Research news from Bhupesh Prusty

As I recall, they did deep immune profiling of patient and HC blood. They then ran a Machine Learning classification algorithm on the samples. The algorithm separated into LC vs non-LC. This had 94% correlation with the patient's self-reported diagnosis (i.e included in study with or without active symptomatology).

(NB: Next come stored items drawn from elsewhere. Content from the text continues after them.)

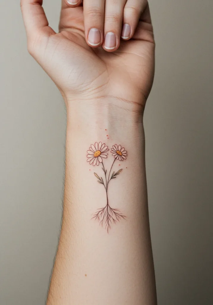 This tattoo features a pair of delicate daisies, beautifully inked in fine lines with soft pastel colors. The flowers stand tall on thin, graceful stems that gently branch out, with roots artistically emerging beneath them. A few subtle red dots add a playful and charming touch to this minimalist design. Positioned on the forearm, it offers a light, airy vibe that s perfect for those who prefer dainty, meaningful tattoos.
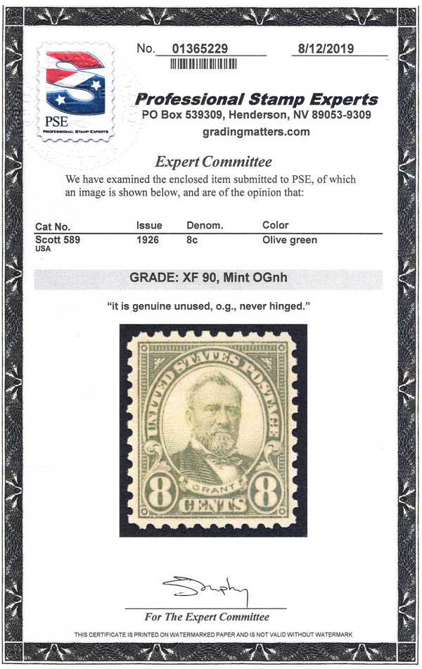 1926, 8¢ Grant, rotary press printing, perf. 10 (Scott 589), o.g., never hinged, Extremely Fine, with 2019 P.S.E. certificate graded XF 90. Scott $58. SMQ $125.
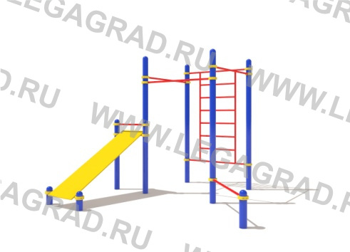 4-х перекладин турник (стальная труба диаметром 34мм с толщиной стенки 3,2мм. Длинна перекладин 1200мм. На концах перекладины отверстия под болты М10), 2-х перекладин лавка (Стальная труба диаметром 34мм с толщиной стенки 3,2мм. Длинна перекладин 510мм. На концах перекладины отверстия под болты М10), секции лавка (Ширина секции 450 мм, высота 1000 мм., длина 1500 мм. Секция лавка цельная.) и секции лестница (ширина секции 1200мм. Секция лестница цельная. В состав секции лестница входит семь горизонтальных перекладин, из трубы диаметром 34мм толщиной стенки 3,2мм, две вертикальные несущие перекладины из трубы диаметром 48мм с толщиной стенки 3,5мм. Шаг лестницы 310мм.). Перекладины расположены на высоте 2300мм, 2200мм, 2100мм, 300мм, 1100мм, 1300мм, 400мм, от поверхности основания. Крепеж бруса осуществляется полухомутами к горизонтальным перекладинам лавка. Крепеж перекладин к вертикальным опорным столбам осуществляется при помощи хомутов, которые состоят из двух полуколец соединяемых между собой с помощью 2-х винтов М10.
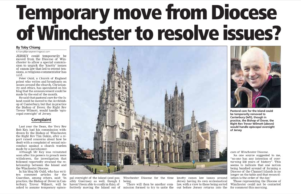 Jersey Evening Post this morning Peter Ould Posted on January 22, 2014 Posted in Church of England, Jersey, Winchester Diocese 1 Comment A report from ITV in the Channel Islands is here. Related
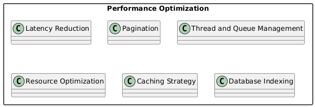 @startuml skinparam packageStyle rectangle skinparam linetype ortho package "Performance Optimization" { class "Latency Reduction" class "Pagination" class "Thread and Queue Management" class "Resource Optimization" class "Caching Strategy" class "Database Indexing" } @enduml
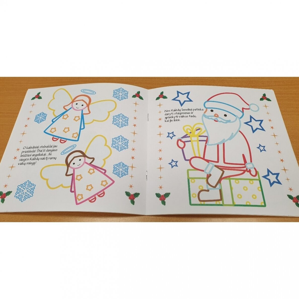 Kalėdinis laikotarpis – puikus metas užsiimti smagia ir prasminga ugdomąja veikla. Spalvindamas piešinėlius vaikas pažins spalvas, lavins ranką ir vaizduotę. Pasiūlykite jam rinktis tokias spalvas, kokiomis nupiešti figūrų kontūrai. Jie stori, tad vaikui bus lengva jų neperžengti.
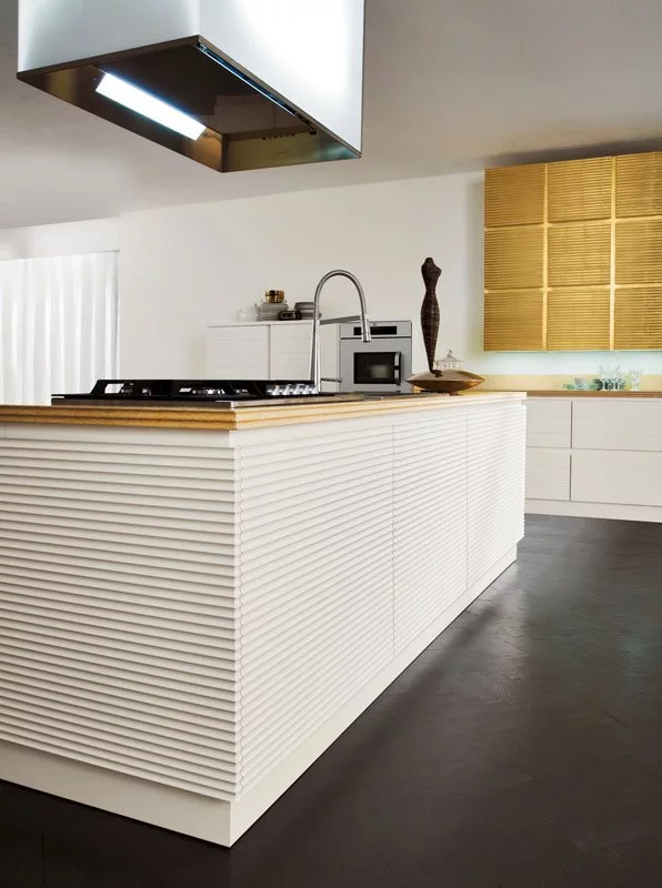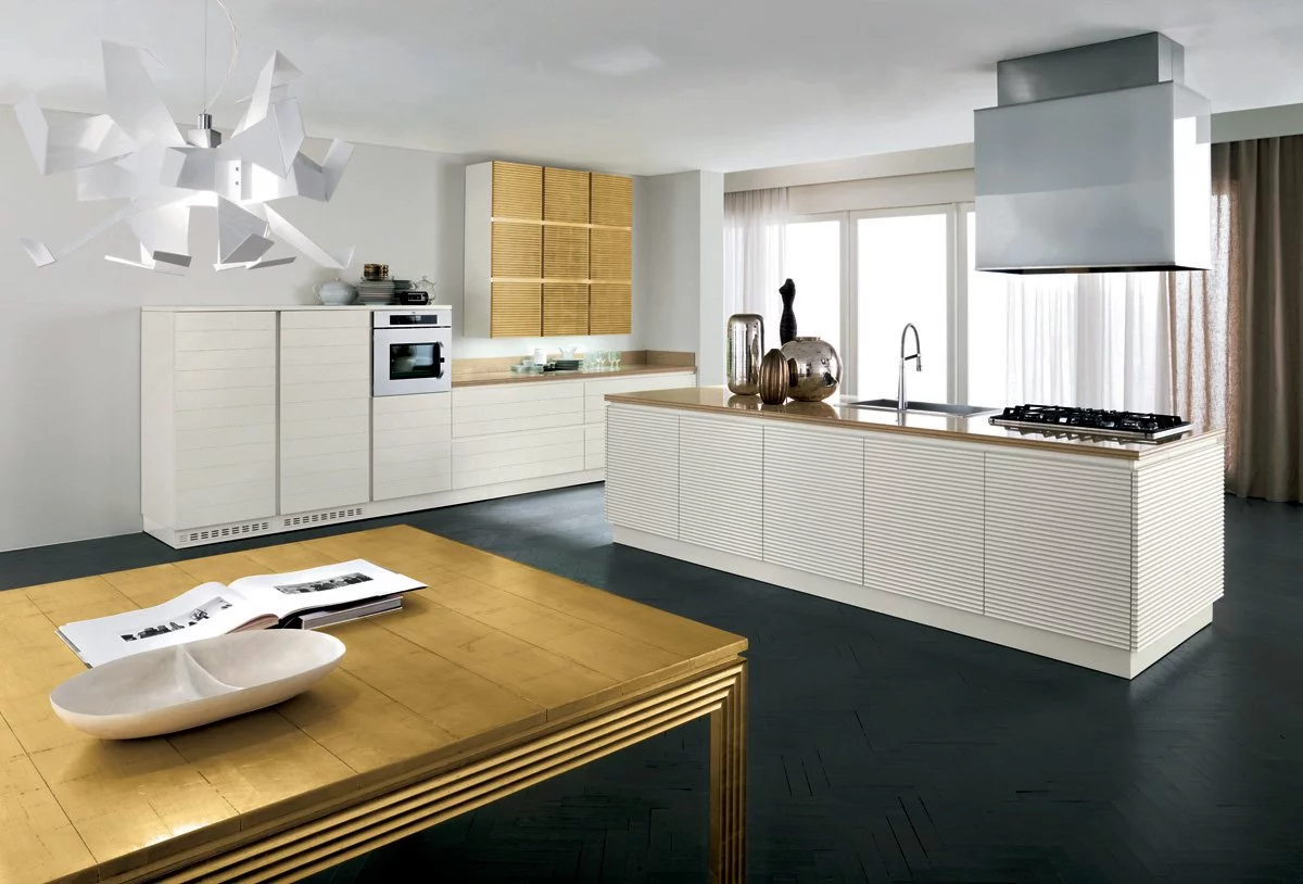 Фасады кухонь из коллекции Century изготавливаются из массива вишни. Модель Century Laccato Bianco предлагает дополнить фактуру древесины молочно-белыми элементами. Гладкий камень рабочих поверхностей максимально близок по цвету к древесине. Декором служат элегантные рельефы на поверхности фасадов, скрытые ручки не нарушают гармонию их рисунка. Встроенная техника и удобные системы хранения позволяют насладиться всеми преимуществами современной кухни.

Inclusion criteria for the Long COVID group were age ≥ 18 years; previous confirmed or probable COVID-19 infection (according to World Health Organization guidelines); and persistent symptoms > 6 weeks following initial COVID-19 infection. Inclusion criteria for enrollment of healthy controls were age ≥ 18 years, no prior COVID-19 infection, and completion of a brief, semi-structured verbal screening with research staff confirming no active symptomatology. Inclusion criteria for convalescent controls were age ≥ 18 years; previous confirmed or probable prior COVID-19 infection; and completion of a brief, semi-structured verbal screening with research staff confirming no active symptomatology.

UMAP embedding of study participants with all collected immunological features demonstrated a clear visual separation between people with Long COVID and those without.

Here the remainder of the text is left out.